This work addresses the limitations of conventional reinforcement learning approaches that train large language model agents using static data distributions, which fail to adapt to the agents’ evolving behaviors and consequently suffer from insufficient environmental interaction coverage. To overcome this, the authors propose CoEvolve, a novel framework that establishes a closed-loop co-evolution paradigm between agents and data. By dynamically synthesizing high-value tasks based on forgetting and uncertainty signals observed in agent trajectories, and subsequently validating these tasks through environmental interaction, CoEvolve iteratively refines the data distribution to jointly optimize both components. Evaluated on the AppWorld and BFCL benchmarks, this approach significantly enhances the performance of multiple Qwen models, achieving absolute gains of 15.58%–19.43% and effectively circumventing the bottlenecks inherent in static-data training regimes.
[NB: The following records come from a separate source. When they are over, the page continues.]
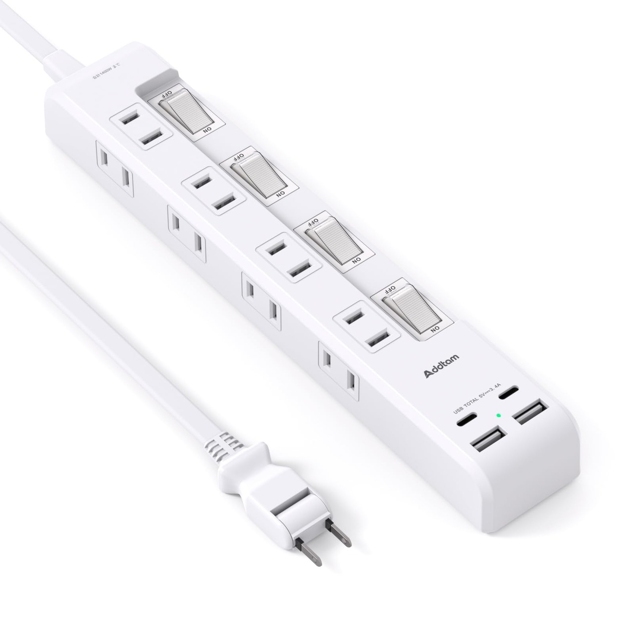 【12-in-1電源タップ&2Type-Cポート】8つのAC差込口、2つのUSB-Aポート、2つのUSB-Cを備えた電源タップ。 最長辺はわずか約7cmで、コンセント間の干渉を防ぐため、前面、側面に一つ宛ACコンセントが付いています。新販売の携帯電話に対応するためにtypeCポートも特別に追加されており、typeCポートの充電ヘッドを購入する費用を節約できます。USBポート付だからアダプタ不要で、省スペースでスッキリにします。出張、会議室、自宅などで12台デバイスを充電できます。
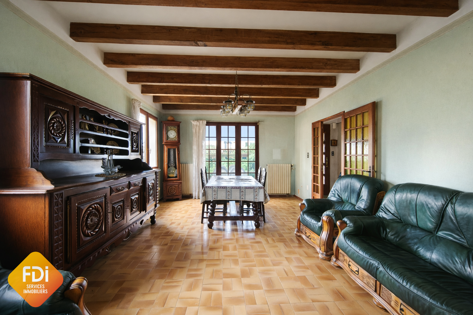 Elle se compose d'un salon salle à manger, d'une cuisine, de trois chambres, d'une salle de bain, et d'une salle d'eau. Un grand garage en sous sol de la maison avec un celllier et un coin buanderie complétent ce bien.
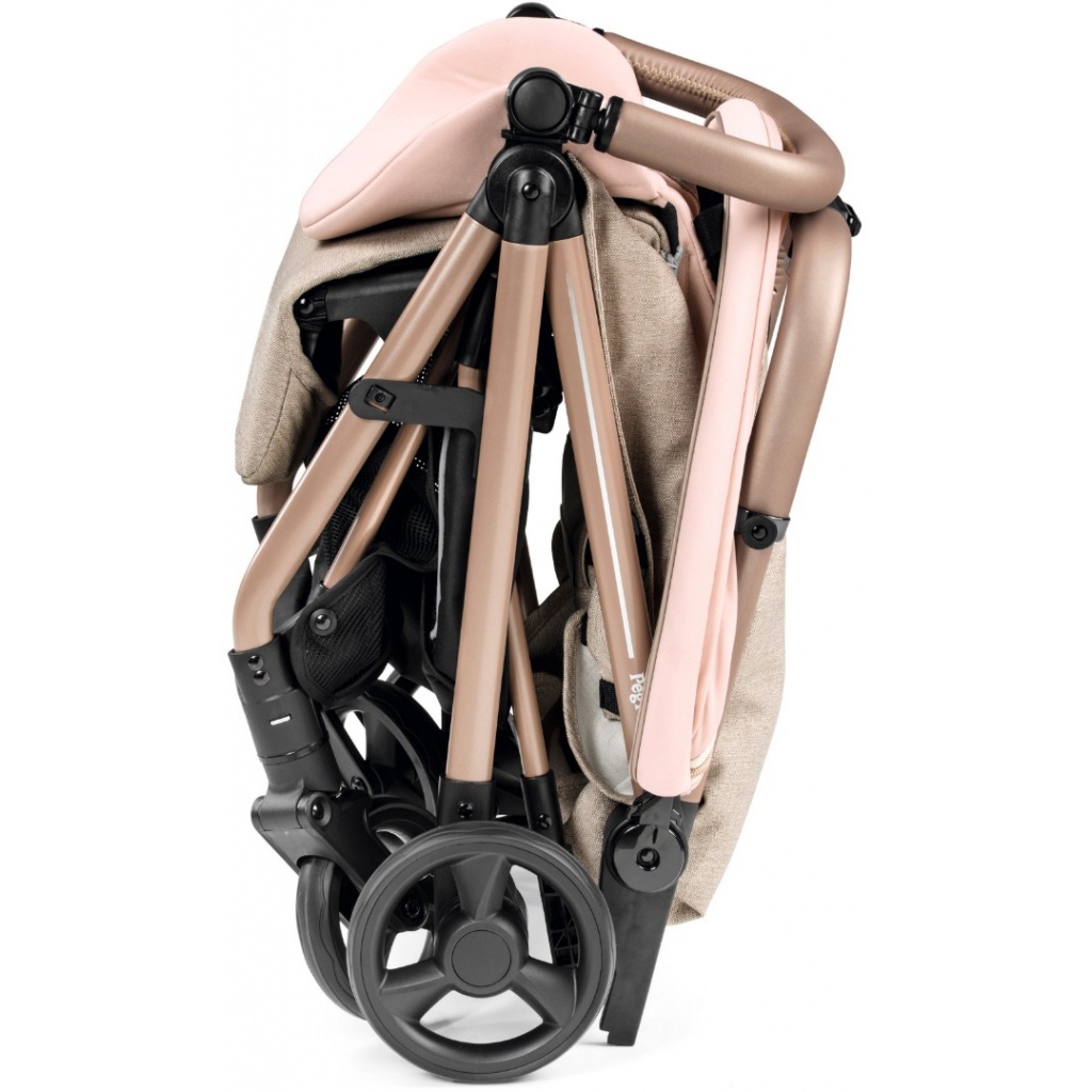 Вещевая корзина Peg Perego Selfie Plus не обладает какими-то невероятными размерами, но в нее поместится все необходимое на прогулке с ребёнком. Удобный тормоз расположен на задней перекладине – он не испачкает вашу обувь. Сложить коляску одной рукой совсем несложно! Нажмите на кнопку на ручке и коляска автоматически сложится книжкой. В таком виде ее можно переносить, словно чемодан, держа за бампер.
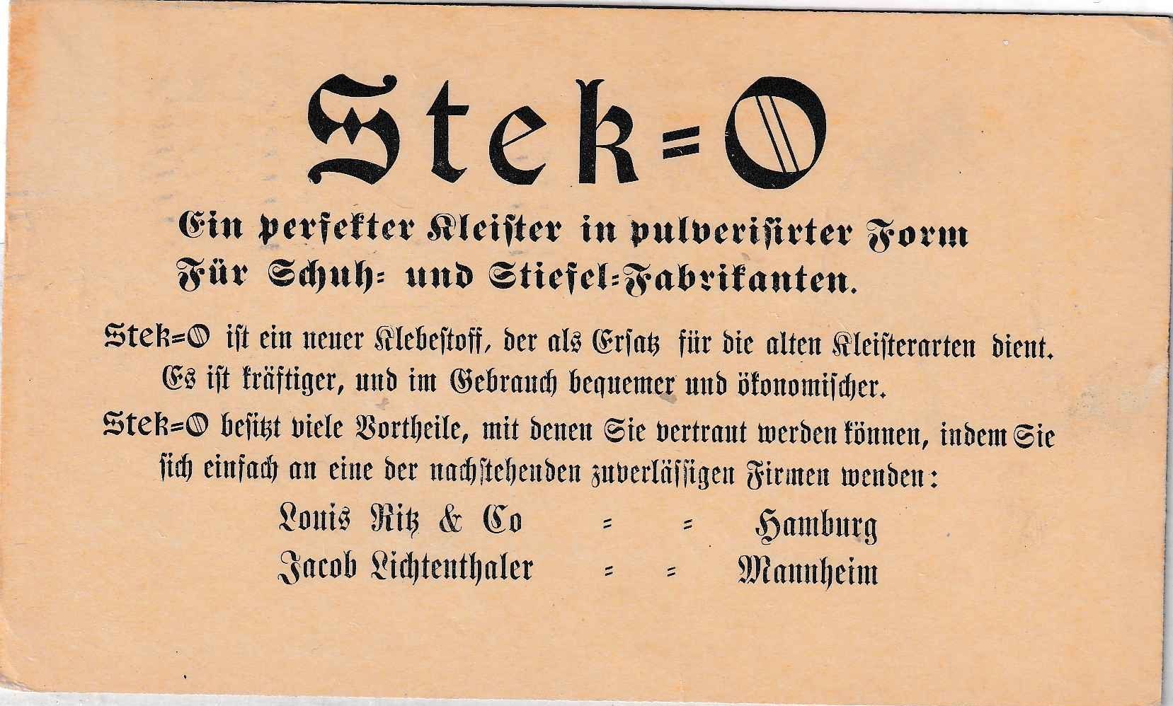 rs. Zudruck "Stek=0" (Kleister für Schuh- und Stiefel-Fabrikanten) - kleine Altersspuren
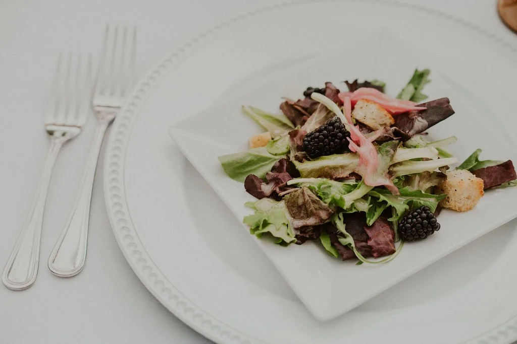 Blackberry Champagne Vinaigrette salad with Chevre, Pickled Red Onion & Handmade Croutons
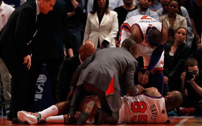 Εξάρθρωση επιγονατίδας και ρήξη συνδέσμων, τραυματισμός που βάζει τέλος στη σεζόν και πιθανώς στην καριέρα του, υπέστη ο Μπαρόν Ντέιβις στην αναμέτρηση των Νικς με το Μαϊάμι. Ο 33χρονος γκαρντ, που έχει ταλαιπωρηθεί πολύ από τραυματισμούς στην καριέρα του, θα μείνει περίπου ένα χρόνο εκτός δράσης.

Reinforcement learning for LLM agents is typically conducted on a static data distribution, which fails to adapt to the agent's evolving behavior and leads to poor coverage of complex environment interactions. To address these challenges, we propose CoEvolve, an agent-data mutual evolution framework that enables LLM agents to improve through closed-loop, interaction-driven training. Specifically, CoEvolve extracts feedback signals such as forgetting and uncertainty from rollout trajectories to identify failure-prone interaction patterns, and utilizes them to guide LLM-based task synthesis. The synthesized tasks are validated through environment interaction and utilized to update the data distribution, enabling joint adaptation of the agent and its data. Extensive experiments on AppWorld and BFCL across Qwen2.5-7B, Qwen3-4B, and Qwen3-30B-A3B demonstrate consistent and significant improvements over strong base models, yielding absolute gains of 19.43%, 15.58%, and 18.14%, respectively.